** What you are asked to do **
Only the lines from the one with "Edytor tapety: Rozkwitnięte" through the last line of the material below belong in the answer, copied exactly and without pictures.

** Collected material **

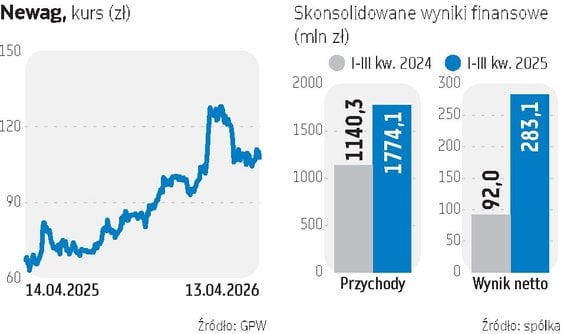 Według prezesa Newagu, grupa znajduje się obecnie w bardzo dobrej sytuacji, być może, że w najlepszej w swojej 150-letniej historii. Ubiegły rok był dla niej rekordowy pod względem przychodów, a zbudowany portfel zamówień ma gwarantować stabilność sprzedaży w najbliższych latach.
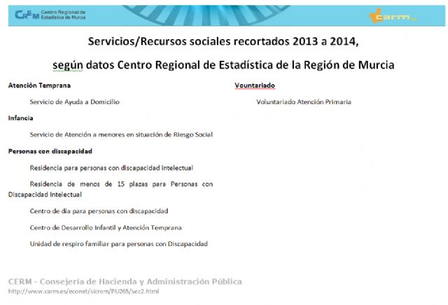 El centro regional de estadística dependiente de la CARM, gobernada por el PP, revela el recorte en las políticas de Servicios Sociales destinadas a Lorca, confirmando la falta de cobertura hacia las familias lorquinas con más necesidades
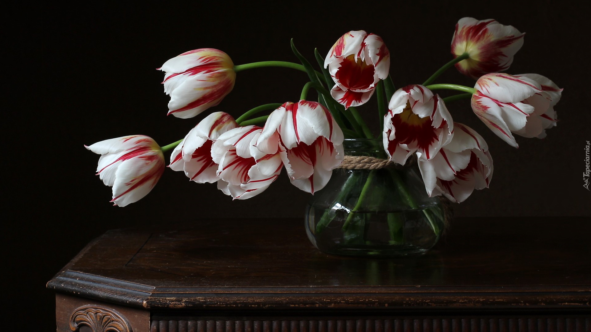 Edytor tapety: Rozkwitnięte biało-czerwone tulipany w wazonie
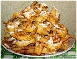 мука пшеничная , яйцо куриное, сметана 20,0% жирности, молоко 2,5% , масло подсолнечное, коньяк, сахар-песок, сахарная пудра, ванилин, пищевая сода

** Solution for this problem **
 Edytor tapety: Rozkwitnięte biało-czerwone tulipany w wazonie
 мука пшеничная , яйцо куриное, сметана 20,0% жирности, молоко 2,5% , масло подсолнечное, коньяк, сахар-песок, сахарная пудра, ванилин, пищевая сода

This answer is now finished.